Winner of "Akamai Security Challenge" and "MITRE Cyber Phishing Challenge" at ShellHacks 2019.
https://devpost.com/software/fish-the-phish
The world has increasingly become dependent on the internet for a majority of its tasks and has become an indispensable part of our daily lives. Therefore it comes as no surprise that many institutions implement various security measures to mitigate and also prevent the cyber-security attacks. Phishing is one of the many security attacks of this spectrum. In the above attack, a user wants to gain customer-sensitive information, by masquerading as a legitimate website.
We completed this project as a part of MITRE cyber phishing challenge at ShellHacks 2019. We were given a small dataset of less than 5000 samples which had URLs, and lifetime details (3 features) of certain websites.
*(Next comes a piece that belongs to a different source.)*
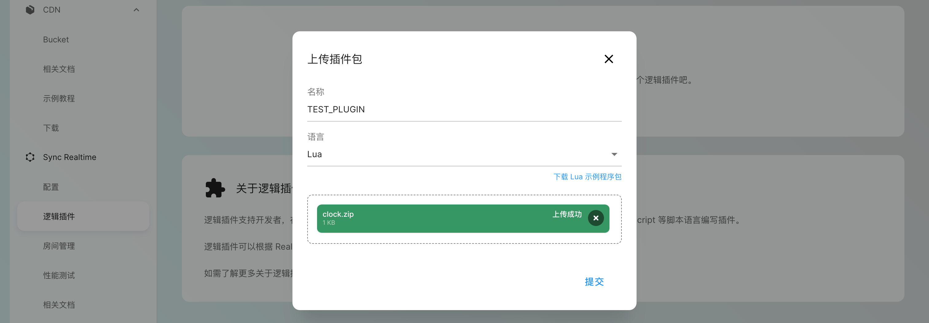 点击创建逻辑插件,上传插件的Zip压缩包。填入名称,选择插件类型,并提交。
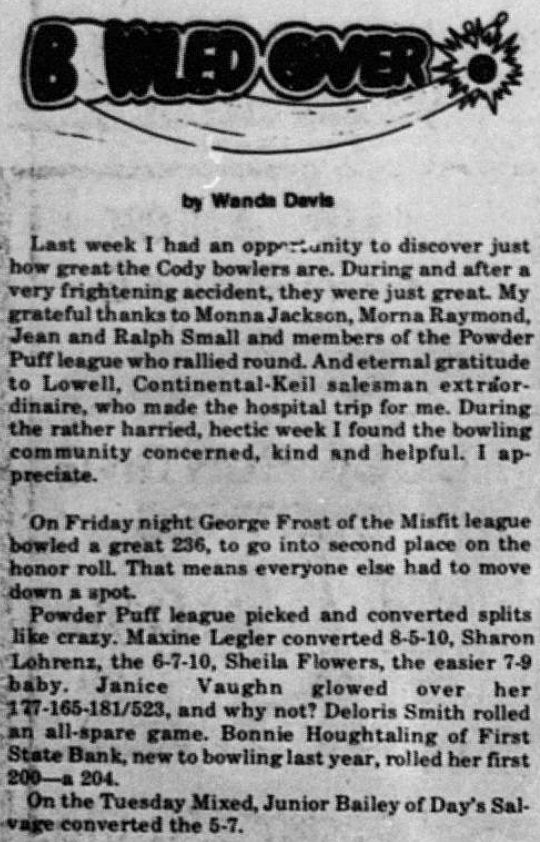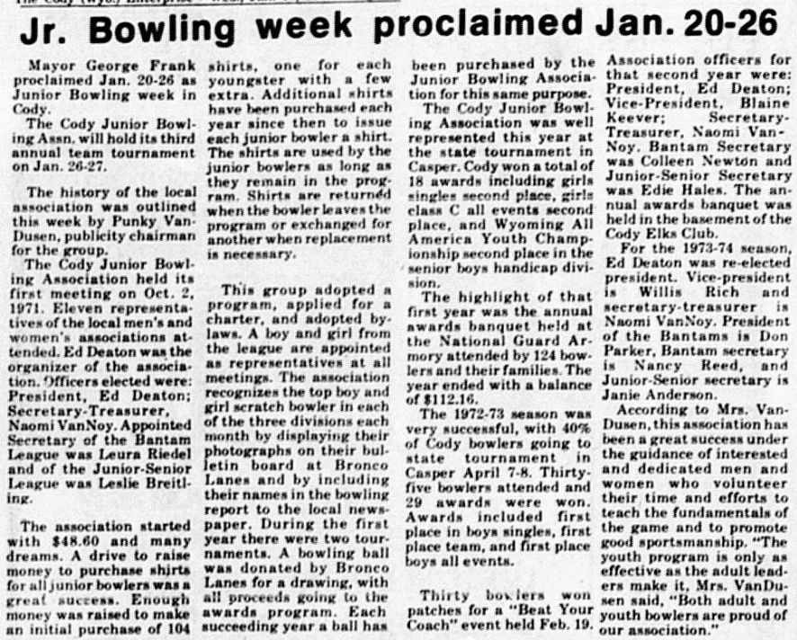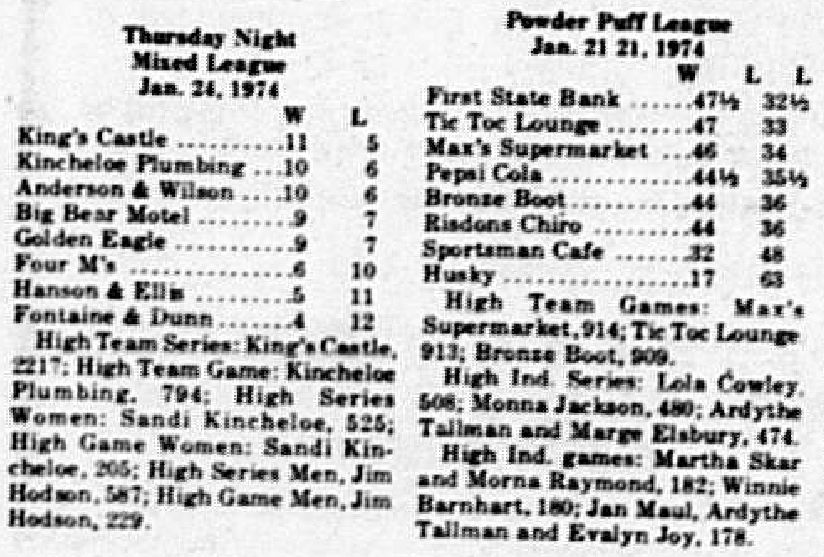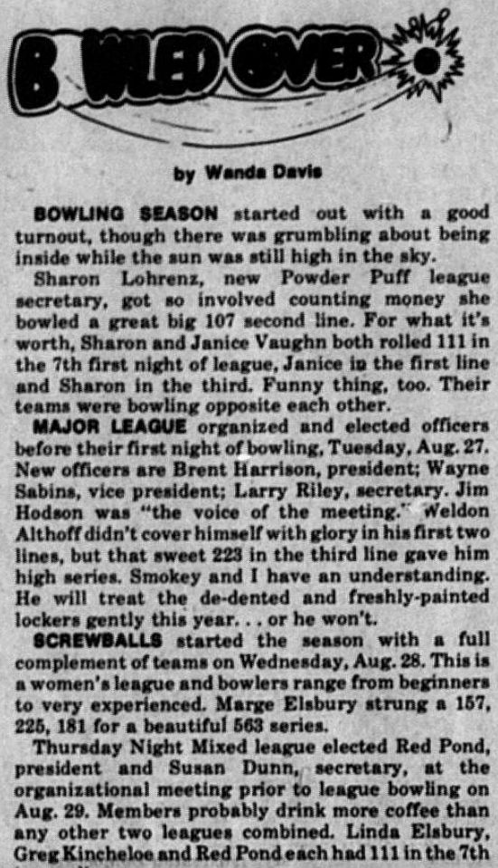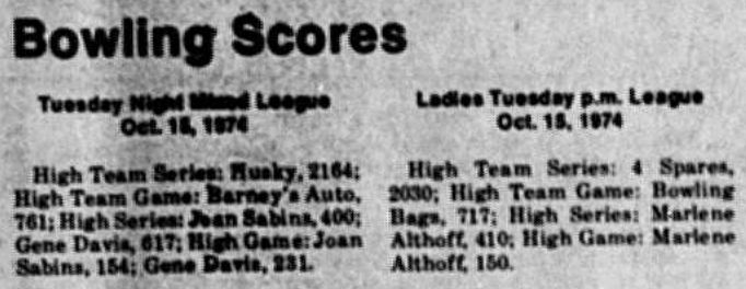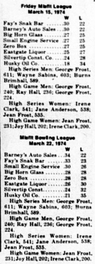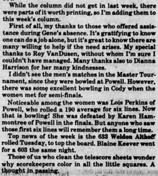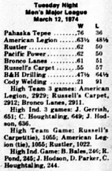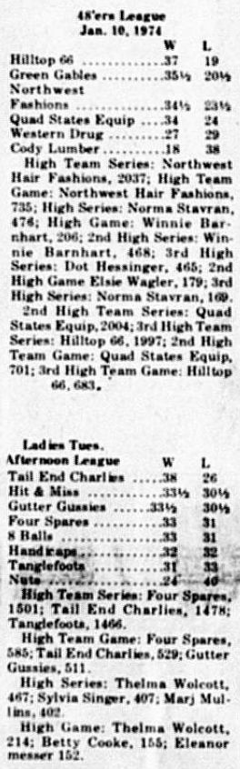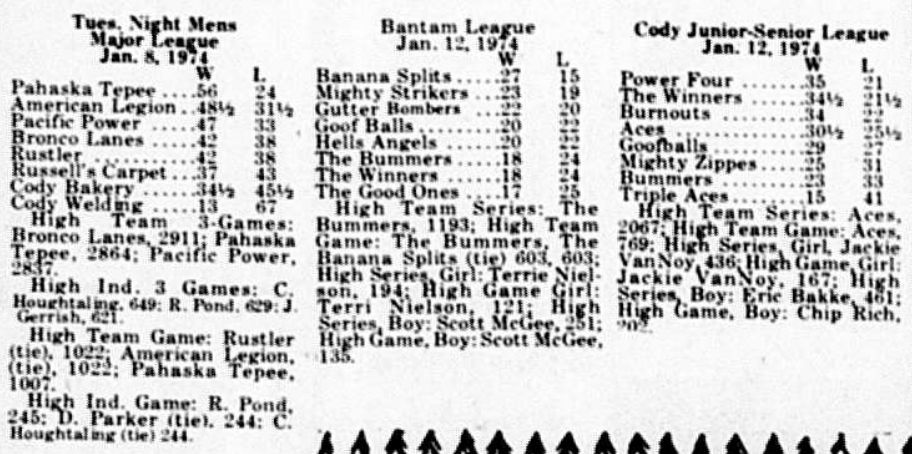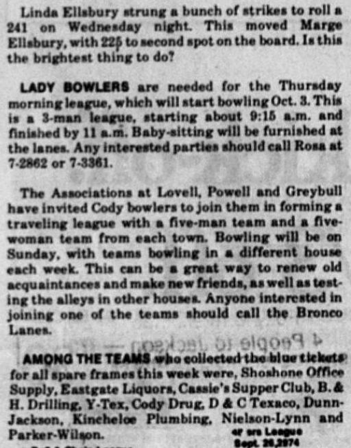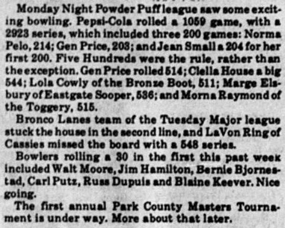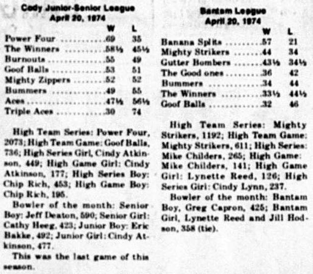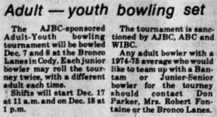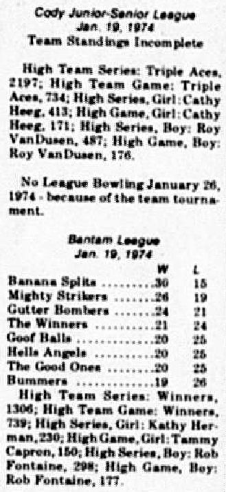 Wally Heine of Worland proposed the new bowling alley and Harold Casey was the first manager which had its grand opening Aug 26-29, 1971.

Our goal was to perform exploratory data analysis to explain feature relevance, extract more features through feature engineering and train machine learning models to detect phishing links in an unseen test dataset.
We used an ensemble of machine learning models such as Random Forests, K-nearest neighbors, Decision trees, Logistic regression and Adaptive Boosting with decision trees to build our model and developed an algorithm for dynamic optimal model selection for two different set of features and combined the results from various models to build final phishing detection model. Our approach resulted in an F1-score of more than 92% on an unseen test dataset that MITRE used to judge a number of submissions in their track.